ASSIGNMENT: Among the lines of the listing below, retype exactly those from the one containing "29일 (이하 한국시간)" through the one containing "Ashampoo WinOptimizer - новая", both included. Do not include pictures.

DATASET EXCERPTS:
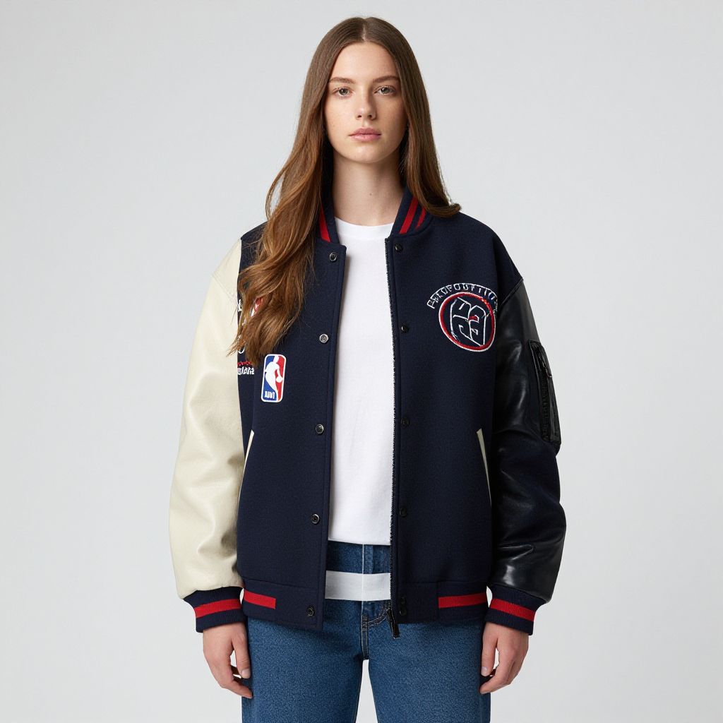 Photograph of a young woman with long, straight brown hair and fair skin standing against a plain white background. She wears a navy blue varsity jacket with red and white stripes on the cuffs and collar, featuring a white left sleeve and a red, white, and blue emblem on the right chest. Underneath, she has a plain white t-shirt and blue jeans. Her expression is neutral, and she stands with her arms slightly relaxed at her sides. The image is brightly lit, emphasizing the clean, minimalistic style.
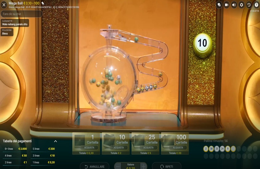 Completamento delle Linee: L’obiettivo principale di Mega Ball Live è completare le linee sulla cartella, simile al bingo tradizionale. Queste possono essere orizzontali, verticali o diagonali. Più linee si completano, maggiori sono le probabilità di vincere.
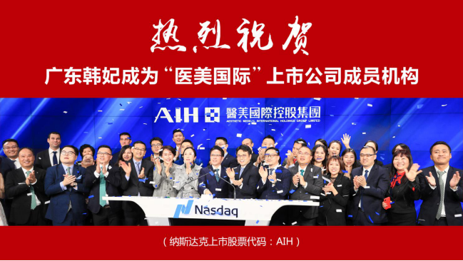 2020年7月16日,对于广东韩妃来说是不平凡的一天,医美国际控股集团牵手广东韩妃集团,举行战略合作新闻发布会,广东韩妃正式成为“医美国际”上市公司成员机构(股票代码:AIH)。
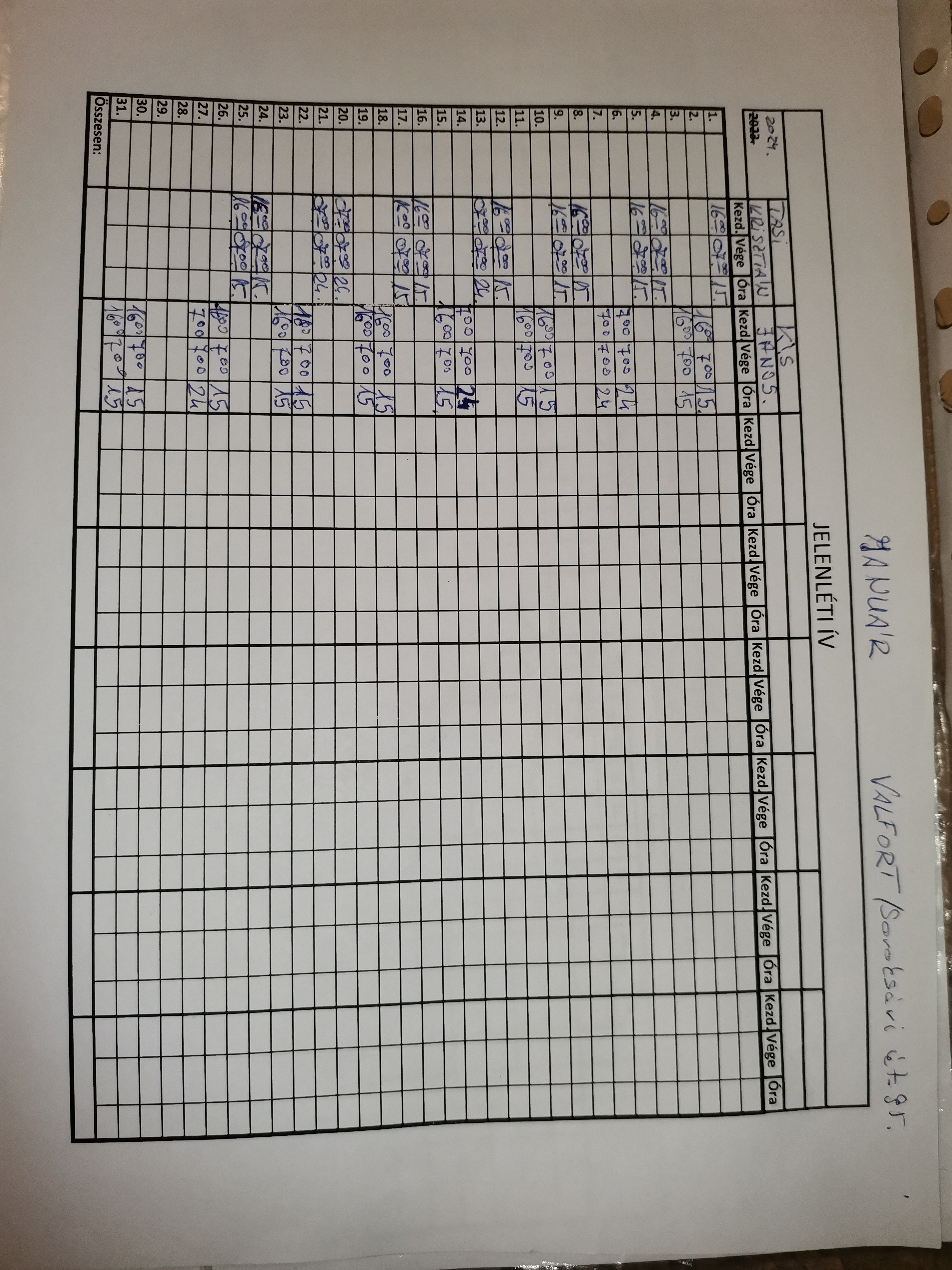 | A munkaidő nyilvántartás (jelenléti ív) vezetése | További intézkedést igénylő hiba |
...
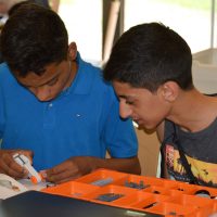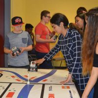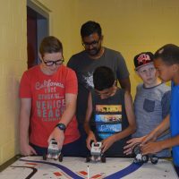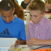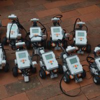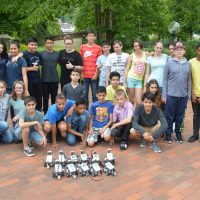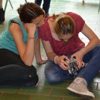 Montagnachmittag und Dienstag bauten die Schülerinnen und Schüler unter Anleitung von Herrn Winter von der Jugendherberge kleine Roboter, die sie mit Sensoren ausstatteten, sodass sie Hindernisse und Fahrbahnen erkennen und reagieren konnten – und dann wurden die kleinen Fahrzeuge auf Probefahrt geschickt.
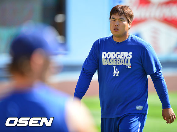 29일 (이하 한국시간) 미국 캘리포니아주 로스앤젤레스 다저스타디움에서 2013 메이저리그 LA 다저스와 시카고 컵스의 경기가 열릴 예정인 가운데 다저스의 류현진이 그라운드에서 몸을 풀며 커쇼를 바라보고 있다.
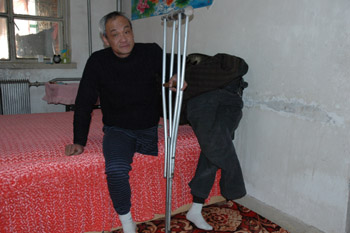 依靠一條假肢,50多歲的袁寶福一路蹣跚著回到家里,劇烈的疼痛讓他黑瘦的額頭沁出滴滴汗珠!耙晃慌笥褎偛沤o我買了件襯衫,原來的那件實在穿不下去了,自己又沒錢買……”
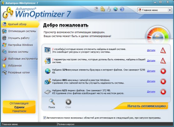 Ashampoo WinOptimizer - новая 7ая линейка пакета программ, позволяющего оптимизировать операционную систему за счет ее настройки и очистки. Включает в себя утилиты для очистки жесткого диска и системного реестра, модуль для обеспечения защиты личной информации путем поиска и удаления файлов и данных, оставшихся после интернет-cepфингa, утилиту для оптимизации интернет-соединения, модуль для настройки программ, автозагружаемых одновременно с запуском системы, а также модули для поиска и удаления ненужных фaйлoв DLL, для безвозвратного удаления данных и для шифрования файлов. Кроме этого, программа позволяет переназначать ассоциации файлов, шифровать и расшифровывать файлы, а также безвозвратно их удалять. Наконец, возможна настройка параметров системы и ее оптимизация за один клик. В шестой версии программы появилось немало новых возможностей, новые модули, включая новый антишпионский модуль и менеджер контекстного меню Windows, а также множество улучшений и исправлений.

SOLUTION TO THIS TASK:
 29일 (이하 한국시간) 미국 캘리포니아주 로스앤젤레스 다저스타디움에서 2013 메이저리그 LA 다저스와 시카고 컵스의 경기가 열릴 예정인 가운데 다저스의 류현진이 그라운드에서 몸을 풀며 커쇼를 바라보고 있다.
 依靠一條假肢,50多歲的袁寶福一路蹣跚著回到家里,劇烈的疼痛讓他黑瘦的額頭沁出滴滴汗珠!耙晃慌笥褎偛沤o我買了件襯衫,原來的那件實在穿不下去了,自己又沒錢買……”
 Ashampoo WinOptimizer - новая 7ая линейка пакета программ, позволяющего оптимизировать операционную систему за счет ее настройки и очистки. Включает в себя утилиты для очистки жесткого диска и системного реестра, модуль для обеспечения защиты личной информации путем поиска и удаления файлов и данных, оставшихся после интернет-cepфингa, утилиту для оптимизации интернет-соединения, модуль для настройки программ, автозагружаемых одновременно с запуском системы, а также модули для поиска и удаления ненужных фaйлoв DLL, для безвозвратного удаления данных и для шифрования файлов. Кроме этого, программа позволяет переназначать ассоциации файлов, шифровать и расшифровывать файлы, а также безвозвратно их удалять. Наконец, возможна настройка параметров системы и ее оптимизация за один клик. В шестой версии программы появилось немало новых возможностей, новые модули, включая новый антишпионский модуль и менеджер контекстного меню Windows, а также множество улучшений и исправлений.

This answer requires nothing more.